Die neuen Nachweispflichten gelten auch für Arbeitsverhältnisse, die vor dem 1. August 2022 geschlossen wurden. Arbeitnehmer:innen können von dem Arbeitgeber verlangen, dass ihnen die im Nachweisgesetz aufgezählten wesentlichen Vertragsbedingungen spätestens sieben Tage nach Zugang der Aufforderung schriftlich ausgehändigt werden. Eine längere Frist von einem Monat gilt nur für die Nachweispflicht hinsichtlich der bereitgestellten Fortbildungen des Arbeitgebers, den Angaben zu dem Versorgungsträger einer betrieblichen Altersvorsorge, falls vereinbart, und zu dem einzuhaltenden Kündigungsverfahren.
Ab dem 1. August 2022 werden Verstöße gegen bestimmte Vorschriften des Nachweisgesetzes erstmals als Ordnungswidrigkeit behandelt, die mit einer Geldbuße von jeweils bis zu 2.000 Euro geahndet werden können. Wenn also z.B. die Schriftform nicht gewahrt wird, in dem der Arbeitgeber die wesentlichen Arbeitsbedingungen „nur“ mit DocuSign o.ä. niederlegt, kann dies zu einer Geldbuße führen.
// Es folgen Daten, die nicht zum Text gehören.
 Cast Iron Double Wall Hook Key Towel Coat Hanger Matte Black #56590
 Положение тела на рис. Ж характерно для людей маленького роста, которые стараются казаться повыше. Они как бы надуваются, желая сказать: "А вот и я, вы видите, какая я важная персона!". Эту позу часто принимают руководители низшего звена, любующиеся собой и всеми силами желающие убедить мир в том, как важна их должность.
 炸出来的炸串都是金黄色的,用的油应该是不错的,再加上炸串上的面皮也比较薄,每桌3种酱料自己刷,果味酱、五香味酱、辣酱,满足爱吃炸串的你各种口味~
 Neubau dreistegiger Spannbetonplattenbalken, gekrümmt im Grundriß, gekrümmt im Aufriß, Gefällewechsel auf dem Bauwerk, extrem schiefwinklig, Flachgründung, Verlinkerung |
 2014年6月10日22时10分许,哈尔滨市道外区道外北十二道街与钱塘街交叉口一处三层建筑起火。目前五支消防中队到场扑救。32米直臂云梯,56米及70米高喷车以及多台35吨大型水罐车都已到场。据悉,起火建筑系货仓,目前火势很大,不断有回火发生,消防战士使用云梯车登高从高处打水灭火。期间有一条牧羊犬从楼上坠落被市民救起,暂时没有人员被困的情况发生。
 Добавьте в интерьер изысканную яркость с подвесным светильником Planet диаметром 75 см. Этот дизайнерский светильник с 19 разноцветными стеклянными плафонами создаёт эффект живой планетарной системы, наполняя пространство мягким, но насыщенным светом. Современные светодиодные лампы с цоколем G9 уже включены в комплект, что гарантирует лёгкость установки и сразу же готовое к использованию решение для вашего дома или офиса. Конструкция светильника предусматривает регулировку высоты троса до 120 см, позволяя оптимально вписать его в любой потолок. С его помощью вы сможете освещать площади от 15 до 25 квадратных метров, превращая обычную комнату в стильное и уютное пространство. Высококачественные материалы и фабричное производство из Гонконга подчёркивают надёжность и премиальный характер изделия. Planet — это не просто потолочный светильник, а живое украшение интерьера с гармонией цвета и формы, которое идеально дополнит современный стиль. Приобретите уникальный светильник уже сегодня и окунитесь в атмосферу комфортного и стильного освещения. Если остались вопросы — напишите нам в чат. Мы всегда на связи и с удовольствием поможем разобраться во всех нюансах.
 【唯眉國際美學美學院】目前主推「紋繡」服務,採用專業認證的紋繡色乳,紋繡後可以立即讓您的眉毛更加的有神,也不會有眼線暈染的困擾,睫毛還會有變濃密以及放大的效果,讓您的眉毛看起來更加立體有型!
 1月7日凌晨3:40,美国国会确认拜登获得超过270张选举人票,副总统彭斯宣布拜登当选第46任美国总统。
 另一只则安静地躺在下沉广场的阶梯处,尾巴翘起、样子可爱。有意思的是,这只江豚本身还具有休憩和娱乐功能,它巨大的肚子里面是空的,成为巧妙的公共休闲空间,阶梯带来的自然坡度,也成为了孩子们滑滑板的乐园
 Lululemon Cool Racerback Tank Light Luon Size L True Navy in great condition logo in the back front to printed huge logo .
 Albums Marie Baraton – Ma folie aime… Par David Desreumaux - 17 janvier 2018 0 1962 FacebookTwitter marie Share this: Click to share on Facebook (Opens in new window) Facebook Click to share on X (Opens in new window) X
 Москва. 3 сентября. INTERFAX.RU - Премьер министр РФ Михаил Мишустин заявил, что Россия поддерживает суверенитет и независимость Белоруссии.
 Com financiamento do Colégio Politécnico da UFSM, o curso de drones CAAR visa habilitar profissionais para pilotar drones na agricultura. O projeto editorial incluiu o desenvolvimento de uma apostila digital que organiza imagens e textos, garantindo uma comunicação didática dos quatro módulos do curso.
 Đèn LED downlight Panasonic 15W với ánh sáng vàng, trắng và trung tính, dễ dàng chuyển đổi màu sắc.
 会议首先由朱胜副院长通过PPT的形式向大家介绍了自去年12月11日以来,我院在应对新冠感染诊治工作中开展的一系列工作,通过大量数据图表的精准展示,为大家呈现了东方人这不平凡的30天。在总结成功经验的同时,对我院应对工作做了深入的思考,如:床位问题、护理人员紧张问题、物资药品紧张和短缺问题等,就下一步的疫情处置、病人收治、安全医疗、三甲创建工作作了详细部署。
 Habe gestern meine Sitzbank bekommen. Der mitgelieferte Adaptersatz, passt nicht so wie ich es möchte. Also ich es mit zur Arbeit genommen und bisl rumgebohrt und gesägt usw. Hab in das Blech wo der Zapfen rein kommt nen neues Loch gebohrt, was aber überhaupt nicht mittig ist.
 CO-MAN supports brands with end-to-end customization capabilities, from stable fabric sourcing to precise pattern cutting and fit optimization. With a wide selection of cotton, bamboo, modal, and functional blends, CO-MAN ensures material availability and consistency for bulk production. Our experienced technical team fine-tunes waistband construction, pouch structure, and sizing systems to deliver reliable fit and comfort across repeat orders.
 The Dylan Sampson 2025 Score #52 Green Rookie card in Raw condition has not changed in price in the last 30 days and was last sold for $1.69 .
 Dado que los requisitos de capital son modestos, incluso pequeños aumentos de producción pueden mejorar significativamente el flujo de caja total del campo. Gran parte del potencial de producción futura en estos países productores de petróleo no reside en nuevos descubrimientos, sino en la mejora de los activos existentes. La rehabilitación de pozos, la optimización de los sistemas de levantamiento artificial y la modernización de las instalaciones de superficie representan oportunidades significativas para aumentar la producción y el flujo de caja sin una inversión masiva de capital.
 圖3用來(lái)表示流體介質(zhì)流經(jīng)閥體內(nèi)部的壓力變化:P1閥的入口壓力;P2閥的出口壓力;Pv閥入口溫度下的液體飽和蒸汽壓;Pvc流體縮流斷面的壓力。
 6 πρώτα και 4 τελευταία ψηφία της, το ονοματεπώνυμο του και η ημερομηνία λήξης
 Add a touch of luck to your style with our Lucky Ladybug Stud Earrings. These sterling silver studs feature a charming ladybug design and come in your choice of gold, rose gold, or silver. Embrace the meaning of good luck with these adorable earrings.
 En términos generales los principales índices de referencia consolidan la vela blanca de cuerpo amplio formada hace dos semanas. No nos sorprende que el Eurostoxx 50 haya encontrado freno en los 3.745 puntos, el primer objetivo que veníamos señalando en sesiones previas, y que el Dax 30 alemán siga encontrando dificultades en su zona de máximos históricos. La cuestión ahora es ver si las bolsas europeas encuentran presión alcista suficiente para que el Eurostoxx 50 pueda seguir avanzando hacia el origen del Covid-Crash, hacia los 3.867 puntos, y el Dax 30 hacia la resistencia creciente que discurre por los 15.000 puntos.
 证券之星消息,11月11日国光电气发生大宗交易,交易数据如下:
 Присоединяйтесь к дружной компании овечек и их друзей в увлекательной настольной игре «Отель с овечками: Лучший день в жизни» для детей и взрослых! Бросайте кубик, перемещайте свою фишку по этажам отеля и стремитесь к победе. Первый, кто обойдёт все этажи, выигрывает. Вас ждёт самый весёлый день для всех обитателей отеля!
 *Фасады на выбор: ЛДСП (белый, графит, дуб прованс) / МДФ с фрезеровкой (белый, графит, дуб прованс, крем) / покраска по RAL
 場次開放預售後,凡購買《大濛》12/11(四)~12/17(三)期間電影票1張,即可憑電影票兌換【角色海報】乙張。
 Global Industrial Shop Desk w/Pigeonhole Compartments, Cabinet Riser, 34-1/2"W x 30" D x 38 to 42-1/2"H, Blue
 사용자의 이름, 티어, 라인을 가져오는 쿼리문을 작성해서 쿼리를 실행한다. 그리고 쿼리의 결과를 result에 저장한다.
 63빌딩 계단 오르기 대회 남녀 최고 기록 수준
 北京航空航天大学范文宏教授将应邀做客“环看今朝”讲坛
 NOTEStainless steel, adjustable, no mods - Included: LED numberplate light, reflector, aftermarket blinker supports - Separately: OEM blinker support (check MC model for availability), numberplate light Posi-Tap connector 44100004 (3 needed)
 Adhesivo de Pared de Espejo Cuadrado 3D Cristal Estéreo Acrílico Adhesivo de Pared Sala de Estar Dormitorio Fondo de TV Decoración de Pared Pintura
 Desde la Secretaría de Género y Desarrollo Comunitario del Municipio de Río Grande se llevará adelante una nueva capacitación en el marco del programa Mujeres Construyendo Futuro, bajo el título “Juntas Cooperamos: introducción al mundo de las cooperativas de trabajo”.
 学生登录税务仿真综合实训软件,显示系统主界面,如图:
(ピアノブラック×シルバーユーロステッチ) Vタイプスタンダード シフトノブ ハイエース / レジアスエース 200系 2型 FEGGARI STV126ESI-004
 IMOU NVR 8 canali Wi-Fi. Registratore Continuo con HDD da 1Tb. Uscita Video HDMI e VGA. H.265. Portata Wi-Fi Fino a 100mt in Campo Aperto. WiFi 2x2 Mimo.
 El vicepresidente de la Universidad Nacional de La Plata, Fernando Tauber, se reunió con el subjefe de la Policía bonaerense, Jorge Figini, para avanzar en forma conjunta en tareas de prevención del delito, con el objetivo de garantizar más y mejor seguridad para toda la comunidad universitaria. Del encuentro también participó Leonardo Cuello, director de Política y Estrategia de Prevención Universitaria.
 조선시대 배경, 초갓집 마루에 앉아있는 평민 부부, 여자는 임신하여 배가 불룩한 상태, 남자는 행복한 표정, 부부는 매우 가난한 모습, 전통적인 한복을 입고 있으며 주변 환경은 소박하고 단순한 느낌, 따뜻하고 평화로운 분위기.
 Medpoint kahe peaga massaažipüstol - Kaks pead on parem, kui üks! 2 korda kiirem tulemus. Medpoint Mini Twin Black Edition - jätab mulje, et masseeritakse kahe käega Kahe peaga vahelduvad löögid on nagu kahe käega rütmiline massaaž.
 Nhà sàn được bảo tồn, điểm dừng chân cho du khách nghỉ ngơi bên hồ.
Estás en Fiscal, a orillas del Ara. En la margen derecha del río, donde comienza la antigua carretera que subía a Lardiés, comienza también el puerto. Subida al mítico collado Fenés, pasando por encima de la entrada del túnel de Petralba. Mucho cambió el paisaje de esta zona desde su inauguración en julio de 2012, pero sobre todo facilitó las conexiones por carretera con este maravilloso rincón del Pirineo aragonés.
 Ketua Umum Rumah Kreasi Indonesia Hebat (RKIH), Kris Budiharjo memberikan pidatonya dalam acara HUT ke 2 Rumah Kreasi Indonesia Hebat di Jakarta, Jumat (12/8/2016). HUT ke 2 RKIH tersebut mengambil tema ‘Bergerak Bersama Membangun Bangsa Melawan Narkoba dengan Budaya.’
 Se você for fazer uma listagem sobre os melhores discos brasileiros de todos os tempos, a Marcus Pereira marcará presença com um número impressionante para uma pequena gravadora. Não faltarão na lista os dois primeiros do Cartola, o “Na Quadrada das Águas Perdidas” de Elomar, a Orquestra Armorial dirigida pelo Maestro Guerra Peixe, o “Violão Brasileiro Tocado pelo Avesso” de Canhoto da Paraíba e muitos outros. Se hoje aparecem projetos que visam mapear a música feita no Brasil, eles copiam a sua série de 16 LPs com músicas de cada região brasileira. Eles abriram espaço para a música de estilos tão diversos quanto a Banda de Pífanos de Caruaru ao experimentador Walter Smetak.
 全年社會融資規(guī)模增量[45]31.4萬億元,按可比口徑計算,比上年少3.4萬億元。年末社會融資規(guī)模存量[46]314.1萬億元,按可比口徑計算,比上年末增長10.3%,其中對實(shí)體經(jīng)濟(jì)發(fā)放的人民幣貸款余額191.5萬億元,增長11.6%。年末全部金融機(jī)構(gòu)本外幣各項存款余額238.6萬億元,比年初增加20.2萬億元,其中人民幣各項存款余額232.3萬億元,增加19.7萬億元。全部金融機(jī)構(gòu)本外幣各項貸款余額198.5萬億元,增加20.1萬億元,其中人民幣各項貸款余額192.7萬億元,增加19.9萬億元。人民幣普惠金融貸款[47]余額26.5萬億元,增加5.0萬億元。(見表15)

Es ist schlichtweg nicht nachvollziehbar, warum der deutsche Gesetzgeber weiterhin an dem Schriftformerfordernis für die Niederschrift festhält. Die elektronische Form bleibt gemäß § 2 Abs. 1 Satz 3 NachweisG ausgeschlossen und das, obwohl Art. 3 der Arbeitsbedingungenrichtlinie ausdrücklich die elektronische Form zulässt. Hier hinkt der Gesetzgeber der modernen Zeit hinterher. Zwar wurde in der 3. Lesung zum Gesetzesentwurf der Regierung ausführlich über das Schriftformerfordernis diskutiert. Am Ende findet aber eine andere Form, außer der Schriftform, keine Zustimmung. Dabei sind die Argumente für das Beibehalten des Schriftformerfordernisses schwach. So argumentiert z.B. die SPD, dass die Schriftform auch schon in den letzten 20 Jahren galt und daher nicht mit einem zusätzlichen Papieraufwand bei den Arbeitgebern zu rechnen ist. Allerdings bedürfen allein die Nachweise, die von den Arbeitnehmer:innen bei bereits bestehenden Arbeitsverhältnissen angefordert werden können, mehr Papier. Es ist nicht einzusehen, dass Arbeitgeber weiterhin handschriftlich unterzeichnete Arbeitsverträge aufbewahren müssen, um diese vorhalten zu können. Im Übrigen stellt Deutschland mit dem Schriftformerfordernis eine Ausnahme gegenüber europäischen Staaten und auch weltweit dar. Es scheint, der deutsche Gesetzgeber ist noch nicht im digitalen Zeitalter angekommen.